Despite all of these innovations, Romans in 33 CE still had not figured out how to secure the wealth of bankers and depositors if the debts upon which credit instruments were based went bad. This was not because they lacked experience responding to financial crises. In the early ’80s BCE, for example, the massacre of thousands of businessmen in Asia Minor by King Mithridates of Pontus made the loans they had taken out impossible to collect. Suddenly those loans, the bonds based on those loans, and all of the deposits backed by these bonds became worthless. In response to the destruction of so much wealth, the Roman government responded by minting large numbers of silver coins, an action that limited but did not reverse the economic damage.

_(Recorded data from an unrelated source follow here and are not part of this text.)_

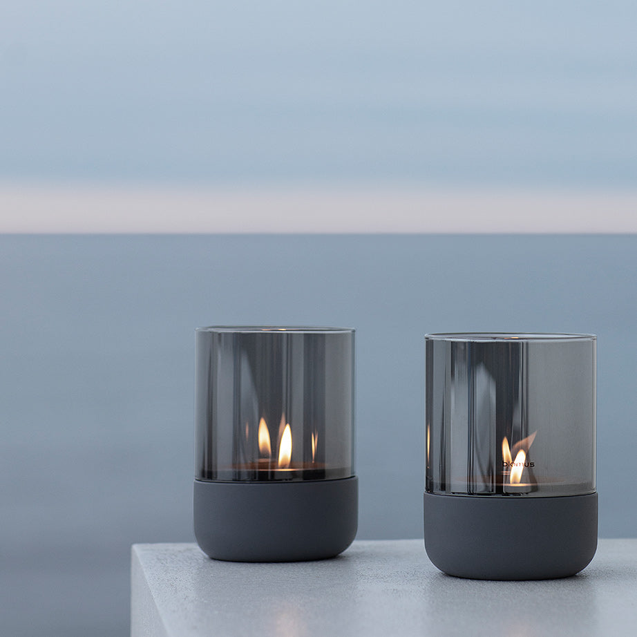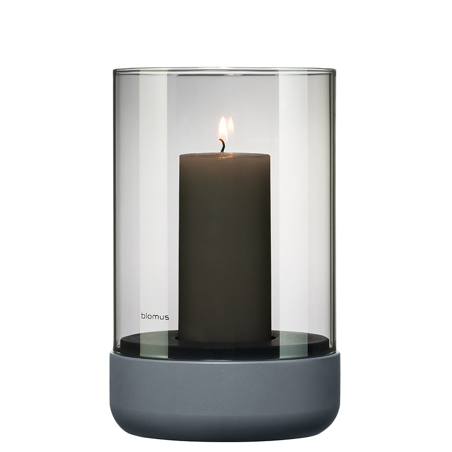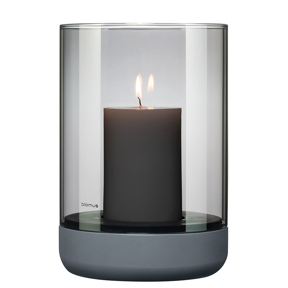 A sleek and contemporary candleholder, the Calma Hurricane Lantern from Blomus adds modern ambience to your outdoor or indoor decor. Calma has a steel grey concrete base paired with a smoked glass hurricane to protect the flame from breezes. The mirrored finish of the glass enhances the flickering of the candle for a captivating effect.
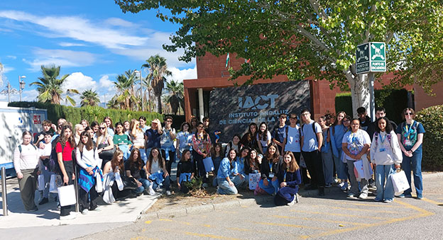 Después de esto el alumnado y el profesorado participante se trasladaron al Instituto Andaluz de Ciencias de la Tierra donde asistieron a charlas y talleres sobre algunas de las investigaciones que desde allí se llevan a cabo. Una de ellas versaba sobre las Cuevas de Nerja, que tuvieron la ocasión de visitar al día siguiente.
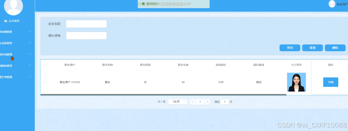 | 查看住院信息功能测试 | 1. 登录系统,进入住院信息页面。 2. 点击医生姓名,进入医生详情页面。 3. 查看医生的详细资料。 | 医生的详细资料(包括姓名、专业领域、从医时长等)正确显示。 | 与预期结果一致 |

Romans tried a different strategy in 49 BC when armies led by Julius Caesar crossed the Rubicon River and captured the city of Rome. When nervous senators called in loans and tried to convert large amounts of high-value bonds into currency that they could carry with them if they needed to flee Italy, Caesar introduced emergency measures that he believed would calm the financial markets. They included mandating a mediation process before any lender could compel repayment, placing a limit on the amount of gold and silver any individual could possess, and instituting capital controls to prevent the wealthy from liquidating their financial assets and fleeing Rome with the cash.

None of these strategies would have, by themselves, solved the problem Rome faced in 33 CE. For the economy to stay solvent, Romans needed to believe in the integrity of their banking system, trust that the funds they had placed in it remained secure, and know that funds were available to borrow if they needed to do so. Only the emperor Tiberius had the capacity to intervene in a fashion that addressed all these concerns.

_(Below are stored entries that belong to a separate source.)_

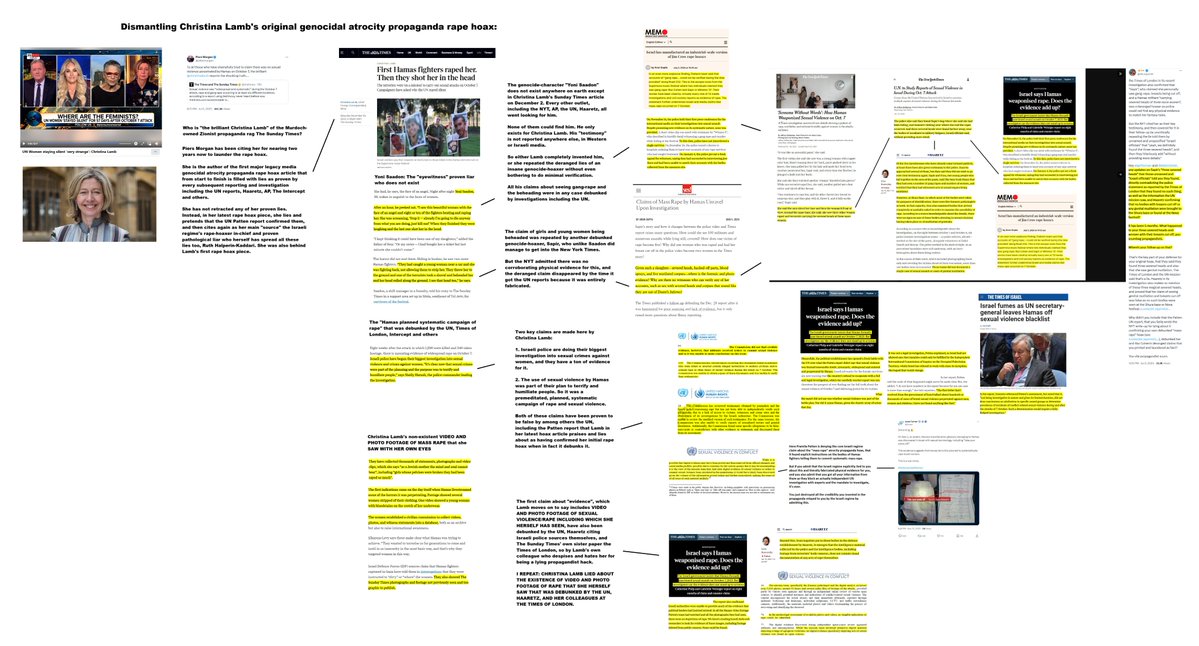 again, Christina Lamb is a professional liar as I meticulously detail in the infographics attached and also linked below in higher res, in this piece zeisquirrel.substack.com/p/rape-hoax-re… and here: x.com/zei_squirrel/s…. She literally claimed she saw and verified non-existent video and photo footage of rape and fetuses cut from wombs. All of this was debunked as a genocidal hoax. Lamb is a depraved atrocity propagandist.
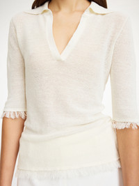 Bohemian overtones and a minimalist ease define the Dreelo top. It’s detailed with a V-neck, relaxed collar and lush fringes. Made in a mix of linen and silk, the short-sleeved design is ideal as the temperatures rise. - Slim fit - Model is 178 cm and is wearing a size S - V-neck - Sharp collar - Cropped sleeves - Fringe details DETAILS COLOUR Soft White COMPOSITION 61% linen, 15% silk, 12% cotton, 12% polyamide CARE Hand wash PRODUCT CODE Style #10304503Z
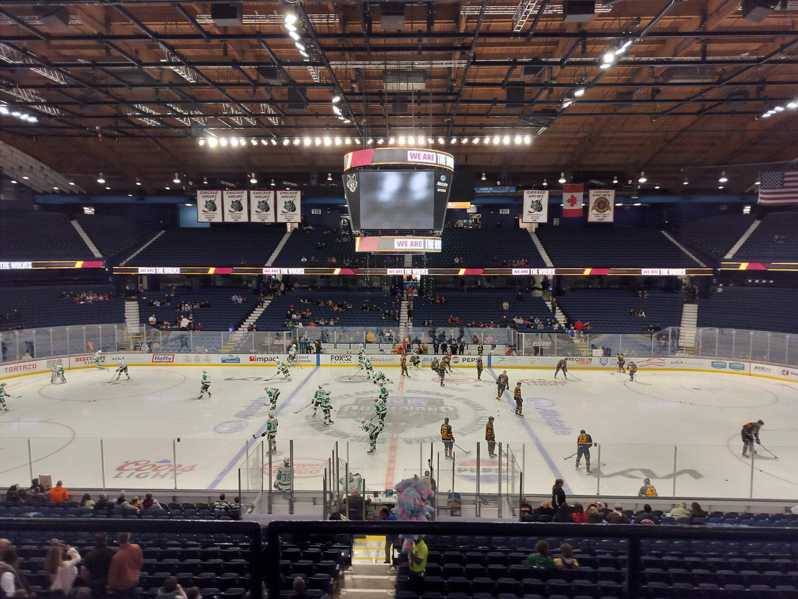 1994年1月25日創設のシカゴウルブズは1994年9月18日に最初のゲームを皮切りに現在迄に5回リーグチャンピオンに輝き、アメリカホッケーリーグ(AHL)に所属しているプロのアイスホッケーチームです。拠点はシカゴ郊外北西部、オヘア空港近くにあるRosemont(ローズモント)のAllstate Arena(オールステイトアリーナ)で11月から4月と活動し、選手は1997年生まれから2005年の26人程がメインとして活躍しているとっても若いチームです。

Tiberius’ answer was to aggressively recapitalize the banks. Tacitus, our most detailed source for this crisis, explains that the emperor infused the equivalent of more than $2 billion of his own money “into the banks and permitted them to make many loans without interest for three years” using these funds. He augmented this short-term injection of capital with a long-term program of monetary stimulus. Roman mints produced 800% more silver coins and 300% more gold coins in the years immediately following this crisis, and many of these coins entered the economy through banks in Rome.

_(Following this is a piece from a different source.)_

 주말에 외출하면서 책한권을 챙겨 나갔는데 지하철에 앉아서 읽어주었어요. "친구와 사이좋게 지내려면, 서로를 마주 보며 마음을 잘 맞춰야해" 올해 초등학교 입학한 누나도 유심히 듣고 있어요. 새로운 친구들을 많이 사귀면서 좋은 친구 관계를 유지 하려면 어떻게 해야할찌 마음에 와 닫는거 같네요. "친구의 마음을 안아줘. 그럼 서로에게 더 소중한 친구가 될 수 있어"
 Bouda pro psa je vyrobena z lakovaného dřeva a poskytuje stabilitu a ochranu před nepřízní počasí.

Tiberius also eliminated the condition that caused the crisis in the first place by quietly suspending any further enforcement of the mandate that senators hold a certain portion of their wealth in real estate. “In this way,” Tacitus wrote, “credit was restored and, gradually, private lenders were found.”

The senate honored Tiberius for his successful economic rescue, and later authors praised his “generosity,” but not all Romans approved of his actions. Tacitus, for one, saw Tiberius’ bailout as creating a moral hazard. What began as a rigorous effort to reform illegal financial behavior by senators, Tacitus argued, “ended in negligence, as generally happens.” Tacitus wrote that “the public good was placed below private profit” after “the curse of usury became ingrained in Rome.”

Tacitus’s concerns—about the moral hazards of using public resources to reinforce a financial system undermined by the illegal behavior of the wealthy—remain relevant today. Bank bailouts are essential to the functioning of a sophisticated economy, but they will always be unpopular when they appear to reward the rich rather than protect the interests of the public. In ancient Rome and modern America, these bailouts should be paired with vigorous, sustained reform efforts to correct the misbehavior of the wealthy.

Unfortunately, as Tacitus reminds us, they seldom are.